Allora nel 1560 in Francia nacquero i Tribunali dell’onore che erano degli arbitri che giudicavano su una sola questione: se l’onore fosse stato leso o meno; il tutto nella illusoria credenza che ciò avrebbe diminuito i duelli.
Ma ancora nell’Ottocento il duello era ben vivo, specie in Francia.
Non faceva più parte delle leggi civili, ma si celebrava privatamente e comunque rimaneva simbolicamente anche nelle cerimonie. In Inghilterra in occasione dell’incoronazione regia e durante il banchetto reale, un campione entrava a cavallo nella abbazia di Westminster; dichiarava che era pronto a sostenere con le armi che il Re incoronato era l’unico re legittimo di Inghilterra e poi gettava il guanto per sfidare chiunque affermasse il contrario.
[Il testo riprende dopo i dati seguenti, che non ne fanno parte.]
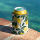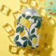 The pattern features a lively and vibrant design with lush lemon trees. The branches are adorned with ripe, bright yellow lemons, some of which are sliced open to reveal their juicy interiors. The lemons are surrounded by deep green leaves, which contrast beautifully with the warm, cream-coloured background. The overall style is bold and stylised, with clean lines and a sense of symmetry, creating a fresh and cheerful aesthetic that evokes a Mediterranean vibe.
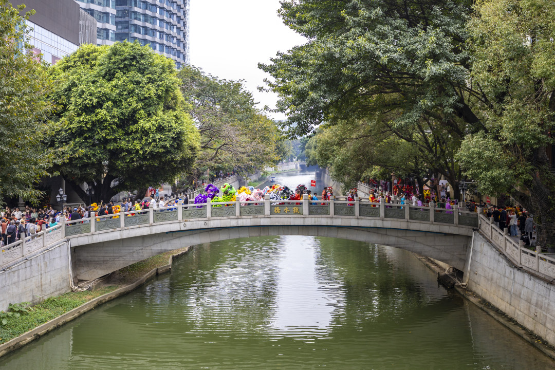 大年初十,猎德新春大巡游,巡游队伍经过猎水桥。
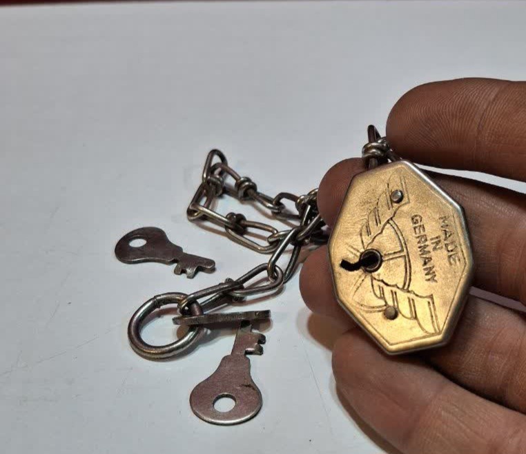 ساخت قدیم کشور آلمان مدلی خاص و کمیاب با دو کلید یدکی کلکسیونی یا دکوراسیونی سالم تمیز طبق تصاویر لطفا دقت فرمائید.
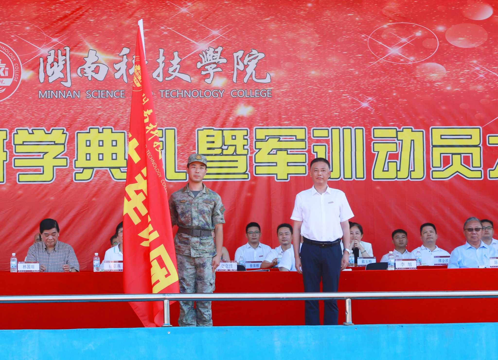 9月21日上午,赢博官方网站2025级新生开学典礼暨军训动员大会在康美校区隆重举行。军训承训部队史立哲少校、柳宏杰上尉;学校董事长、法人代表林亚燕,执行董事长林国端,副董事长戴宽南,原名誉董事长苏世选,原副董事长陈光曦等;校领导李旭、袁自煌、周勇军、林树生,校长助理王育海、刘武强,行政职能有关部门负责人,各二级学院党政主要负责人出席典礼,教师代表、新生辅导员、老生代表、2025级全体新生参加典礼。典礼由校党委副书记林树生主持。
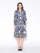 Floral Long Sleeve Lapel Collar Tie Belt Dress - Gracia D36953
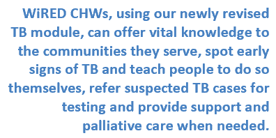 WiRED CHWs, using our newly revised TB module, can offer vital knowledge to the communities they serve, spot early signs of TB and teach people to do so themselves, refer suspected TB cases for testing and provide support and palliative care when needed.
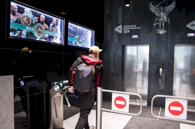 У всех гостей академии на входе проверяют температуру и обрабатывают антисептиком руки. Если нет маски, ее выдают. Снять ее можно будет только в зале. В тренажерке Академии единоборств пустынно. По нормам безопасности посетители могут тренироваться из расчета не больше одного человека на 4 кв. м.
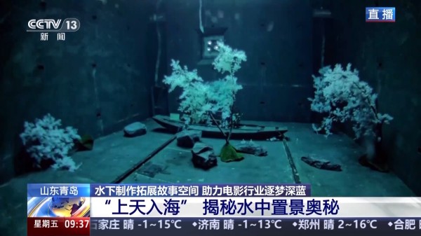 总台记者 李美慧:我现在就在青岛东方影都的水下制作中心,身后是青岛电影学院的师生和摄影师正趁着没有剧组拍摄的空档进行水下拍摄的交流学习。显示器上所显示的就是水底的情况。可以看到一艘船静静地沉在水底,旁边还有石头、三五棵树互相掩映。构成了一幅静谧的画卷。看着这幅画面脑海里是不是就已经浮现出很多关于水下世界的想象?
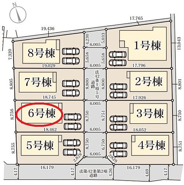 | 駐車場 | 2台 | 道路の幅員 | 南東側6.0m私道 |

Nella Milano del Duecento dunque il duello era frequente: si faceva o personalmente, o per mezzo di un campione, o per mezzo di uno che combattesse per la prima volta: la scelta dipendeva dall’arbitrio del convenuto.
Se il convenuto voleva combattere di persona, il giudice gli assegnava un competitore eguale.
Se poi il reo si sceglieva un campione, l’attore poteva fare altrettanto, ed era tutto lasciato alla libera loro volontà, il che pure accadeva se il combattimento doveva aver luogo fra persone che si battessero per la prima volta.
Giunto il giorno stabilito dal Console, i combattenti sentivano la Messa, e deposte le armi presso l’altare ricevevano la benedizione dal sacerdote; dopo di che le armi venivano sigillate.
E qui i legislatori distinguono le solennità che si praticavano prima della Pace di Costanza da quelle che era in uso ai loro tempi.
Prima di quella pace dunque nella pubblica strada, coll’assistenza di un Console e di un Messo Regio, sedevano il giudice e gli avvocati di tutte due le parti.
L’avvocato dell’attore cominciava ad interrogare il Regio Messo e chiedeva se confessasse di sedersi per ascoltare le domande introduttive (appellazioni) e dopo la confessione di questo ultimo, passava a interrogare il giudice per capire se intendesse sedere per decidere quella causa con il duello; ed il giudice rispondeva: “Io lo confesso”.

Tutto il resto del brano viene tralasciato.